“He was wowed by Obama’s oratorical gifts and believed that the country was ready to embrace a black presidential candidate, especially one such as Obama — a ‘light-skinned’ African American ‘with no Negro dialect, unless he wanted to have one,’ as he said privately.” Nice one Harry. The pre-release chatter surrounding 2008 campaign journalists John Heilemann and Mark Halperin’s new book “Game Change”, has been focused squarely on Harry Reid’s comments.
The Senate Majority Leader is, of course, no stranger to gaffes. Politico.com published an anthology of them yesterday. They would be on par with the Bushisms that we all miss were it not for the fact that Reid’s are even more offensive. Let’s review a few:
“This war is lost.” (April 2007) – This comment about the Iraq war would be harder to defend today with casualities at an all-time low and troops pulling out.
“I think it’s going to help us.” (August 2009) – Reid’s words of wisdom at the death of Ted Kennedy, spoken as a rallying cry to inspire Democrats to pass health care reform.
“You can always tell when it is summertime because you can smell the visitors. The visitors stand out in the high humidity, heat, and they sweat.” (December 2008) – His views on tourists in the American capitol.
(My favorite) “I think this guy is a loser” (May 2005) – From one wordsmith to another – Reid’s views on George W. Bush. What’s even better is how he defended this comment. Politico says it best: “Reminded later that he’d called the president a ‘loser,’ Reid volunteered that he’d also called him ‘a liar.’ He also noted that he’d apologized for the first line — but not for the second.”
Reid has also apologized for his most recent comments to Obama (who immediately accepted) and a slew of civil rights leaders in a weekend-long effort to mitigate the damage of his words that have caused a veritable firestorm. As troubling as Reid’s comments were, they only seem to fall in line with an embarrassing pile-up of anachronistic asides, perpetuated by other babyboomer Democratic big wigs.
“Game Change” also references Ted Kennedy’s fury after a conversation with Bill Clinton in which the former president lobbied him to endorse Hillary for president and then went on to deride Obama, saying, “A few years ago, this guy would have been getting us coffee.”
Let’s not forget Joe Biden’s perky observation that Obama was the “first mainstream African-American who is articulate and bright and clean and a nice-looking guy.” This was his view at the start of the campaigning for the 2008 elections, when Biden himself was running for president.

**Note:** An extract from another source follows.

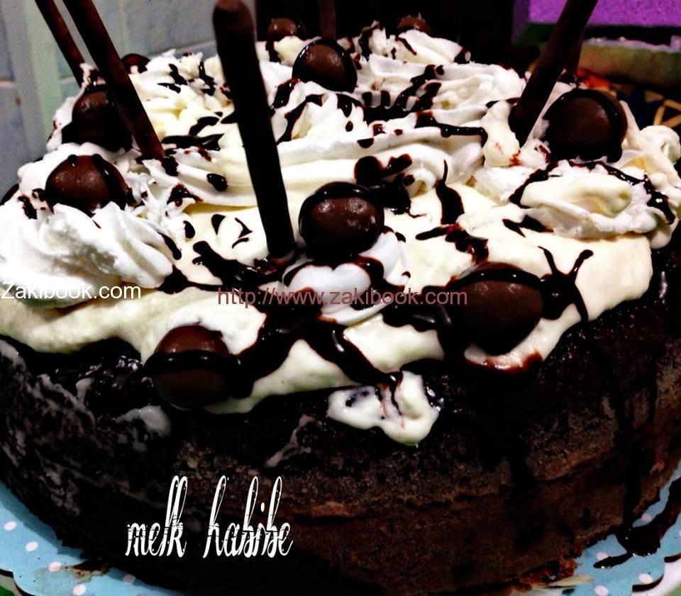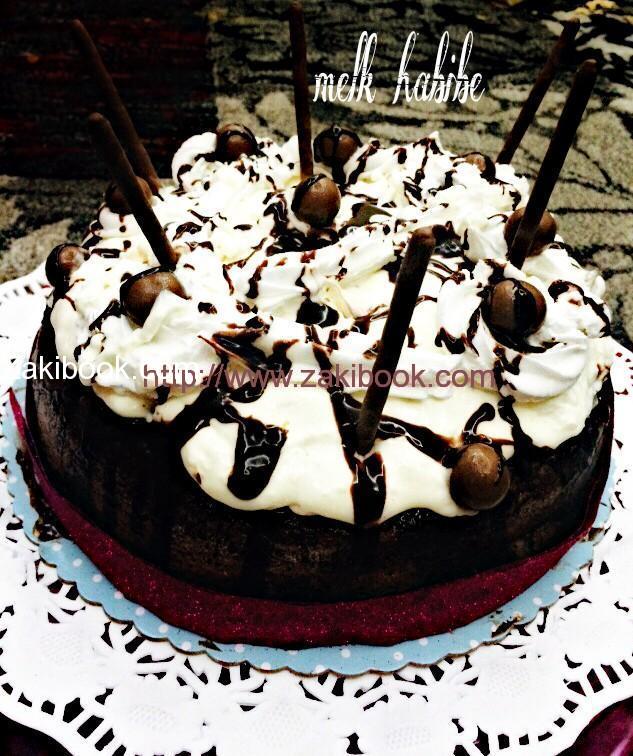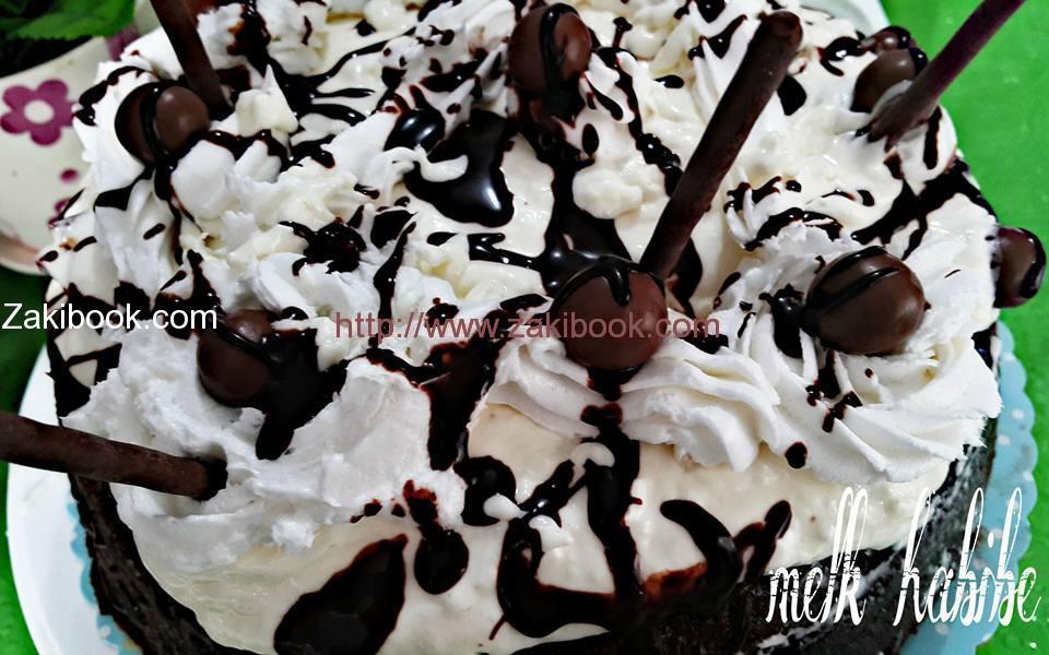– الطبقه التالته هي الزينة كريمه شانتيه عباره عن 5 معالق كبار كريم شانتيه مع ثُلث كوب ماء متلج ونضريهم كويس ونزين به التورته يالشكل الي يعجبك ونزينها بباقي صوص الشكولاته والمالتيزر.

Along with the expected campaign-trail blunders that plagued the paths of the presidential hopefuls ahead of the 2008 elections, check out Hillary’s condescending southern drawl to a mostly black crowd at Al Sharpton’s National Action Network convention. It is painful.
But let’s not be overly harsh on the Democrats. Quite apart from Bush’s decade-long monosyllabic babble and most of Sarah Palin’s gone-rogue platform, we’ve been treated to some real gems from current Republican National Committee Chairman, Michael Steele. The verbose RNC leader has been enthusiastically promoting his book lately and has been drawing attention to himself, declaring that he does not think the Republicans will take back control of the House in November. Steele’s record on political correctness took a nose-dive when in a live Fox interview, he declared that “Our platform is one of the best political documents that’s been written in the last 25 years. Honest Injun on that.” He’s being criticized from every direction, especially by his own party leaders. Quick-thinking Steele is never without a retort, though. He told his Republican detractors to “Shut up,” and reminded them, “I’m the chairman. Deal with it.”
And there you have it, the one truly bipartisan position in Washington, DC: Who cares what the little people think when you are the one in power?